_What you need to do_.
Please copy exactly the line containing "В теплой воде" and every line after it, through the last line of the records below, leaving out all pictures.

_Records for this task_.
┄┄┄┄┄┄┄┄┄┄
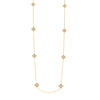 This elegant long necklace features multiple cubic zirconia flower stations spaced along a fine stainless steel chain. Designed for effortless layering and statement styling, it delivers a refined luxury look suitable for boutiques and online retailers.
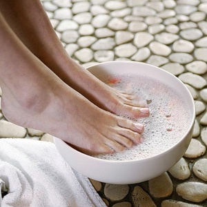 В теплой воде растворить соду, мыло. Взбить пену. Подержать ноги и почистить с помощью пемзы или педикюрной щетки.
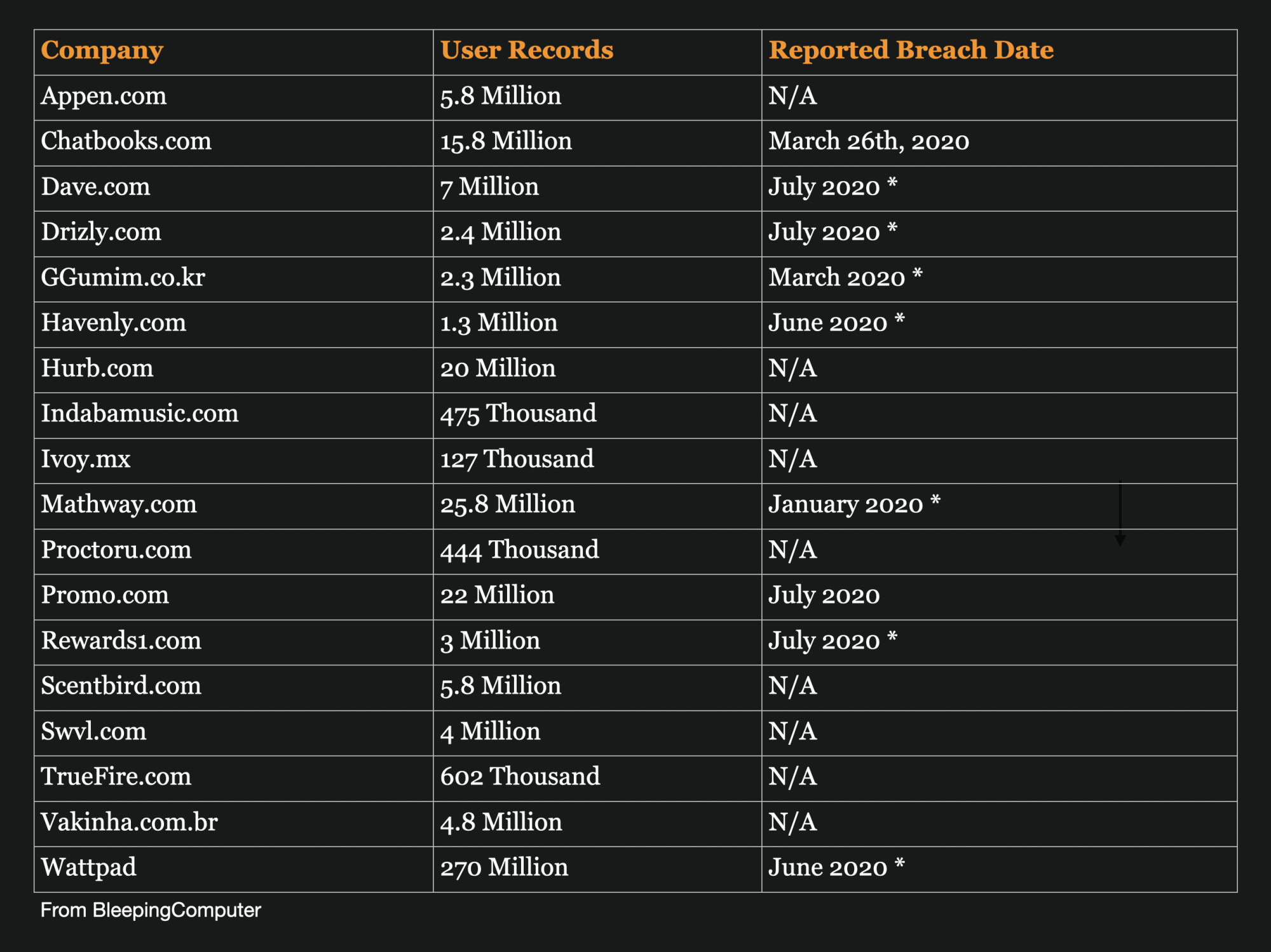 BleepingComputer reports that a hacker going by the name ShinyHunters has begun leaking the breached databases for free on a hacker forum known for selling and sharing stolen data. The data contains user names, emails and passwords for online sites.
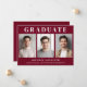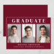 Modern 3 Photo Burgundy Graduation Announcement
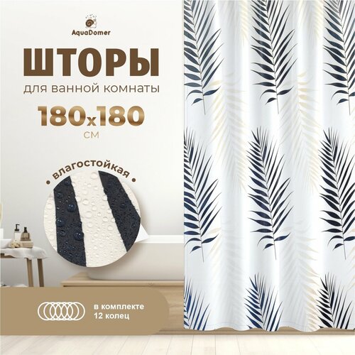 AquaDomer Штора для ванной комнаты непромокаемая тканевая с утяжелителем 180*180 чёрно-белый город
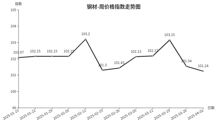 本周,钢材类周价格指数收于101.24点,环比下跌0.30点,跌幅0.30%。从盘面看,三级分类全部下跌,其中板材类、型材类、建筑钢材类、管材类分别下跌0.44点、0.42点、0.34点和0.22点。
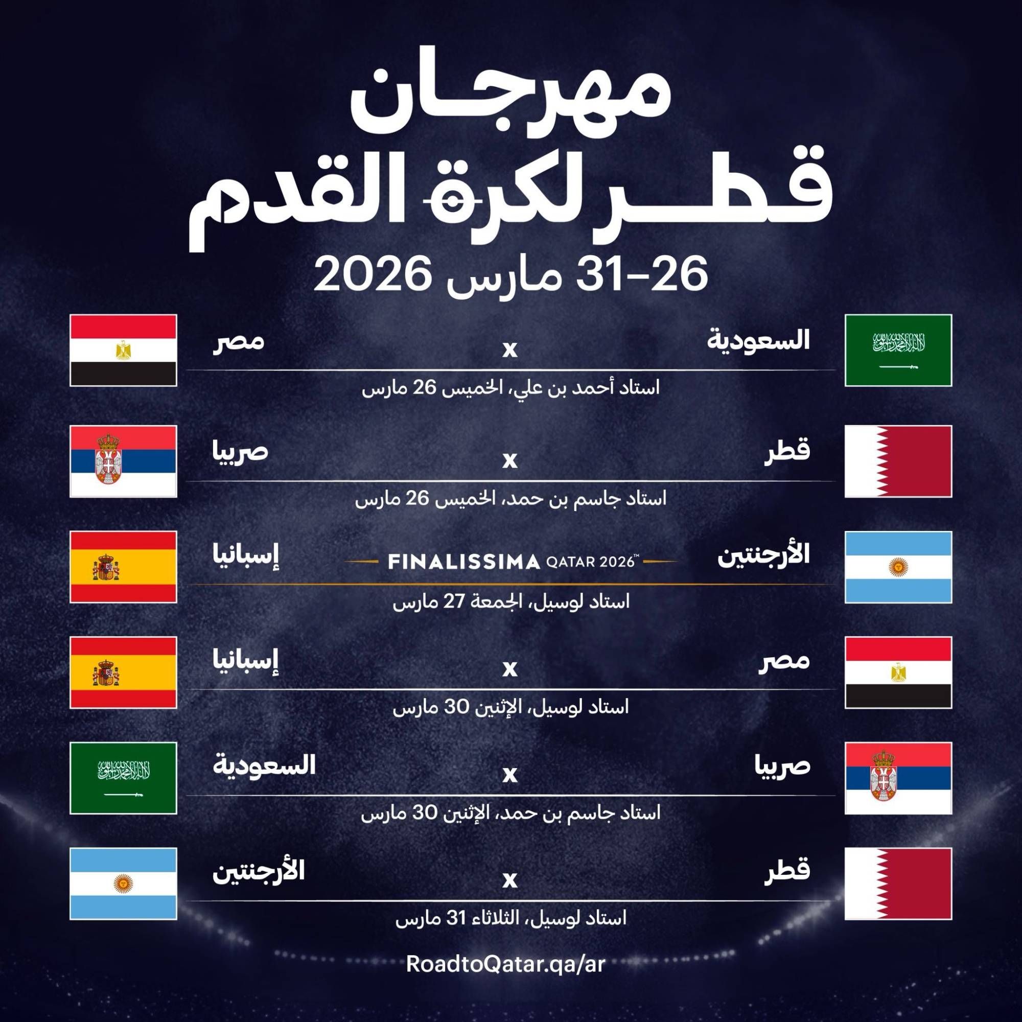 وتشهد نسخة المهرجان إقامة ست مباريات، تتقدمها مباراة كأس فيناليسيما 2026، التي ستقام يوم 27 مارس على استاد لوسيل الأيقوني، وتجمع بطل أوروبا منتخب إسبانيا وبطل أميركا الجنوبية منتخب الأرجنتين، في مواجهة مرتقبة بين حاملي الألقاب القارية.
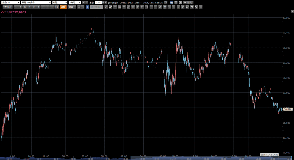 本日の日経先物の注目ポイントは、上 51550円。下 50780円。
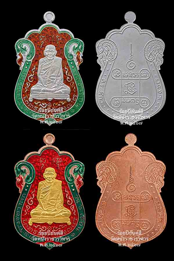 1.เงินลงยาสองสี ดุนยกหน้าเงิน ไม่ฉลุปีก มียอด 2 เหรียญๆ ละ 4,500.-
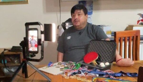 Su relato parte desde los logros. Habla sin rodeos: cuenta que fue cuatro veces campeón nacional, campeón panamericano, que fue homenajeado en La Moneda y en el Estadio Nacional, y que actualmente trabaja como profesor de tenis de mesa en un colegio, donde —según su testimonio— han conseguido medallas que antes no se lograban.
┄┄┄┄┄┄┄┄┄┄
_Answer to this task_.
 В теплой воде растворить соду, мыло. Взбить пену. Подержать ноги и почистить с помощью пемзы или педикюрной щетки.
 BleepingComputer reports that a hacker going by the name ShinyHunters has begun leaking the breached databases for free on a hacker forum known for selling and sharing stolen data. The data contains user names, emails and passwords for online sites.
 Modern 3 Photo Burgundy Graduation Announcement
 AquaDomer Штора для ванной комнаты непромокаемая тканевая с утяжелителем 180*180 чёрно-белый город
 本周,钢材类周价格指数收于101.24点,环比下跌0.30点,跌幅0.30%。从盘面看,三级分类全部下跌,其中板材类、型材类、建筑钢材类、管材类分别下跌0.44点、0.42点、0.34点和0.22点。
 وتشهد نسخة المهرجان إقامة ست مباريات، تتقدمها مباراة كأس فيناليسيما 2026، التي ستقام يوم 27 مارس على استاد لوسيل الأيقوني، وتجمع بطل أوروبا منتخب إسبانيا وبطل أميركا الجنوبية منتخب الأرجنتين، في مواجهة مرتقبة بين حاملي الألقاب القارية.
 本日の日経先物の注目ポイントは、上 51550円。下 50780円。
 1.เงินลงยาสองสี ดุนยกหน้าเงิน ไม่ฉลุปีก มียอด 2 เหรียญๆ ละ 4,500.-
 Su relato parte desde los logros. Habla sin rodeos: cuenta que fue cuatro veces campeón nacional, campeón panamericano, que fue homenajeado en La Moneda y en el Estadio Nacional, y que actualmente trabaja como profesor de tenis de mesa en un colegio, donde —según su testimonio— han conseguido medallas que antes no se lograban.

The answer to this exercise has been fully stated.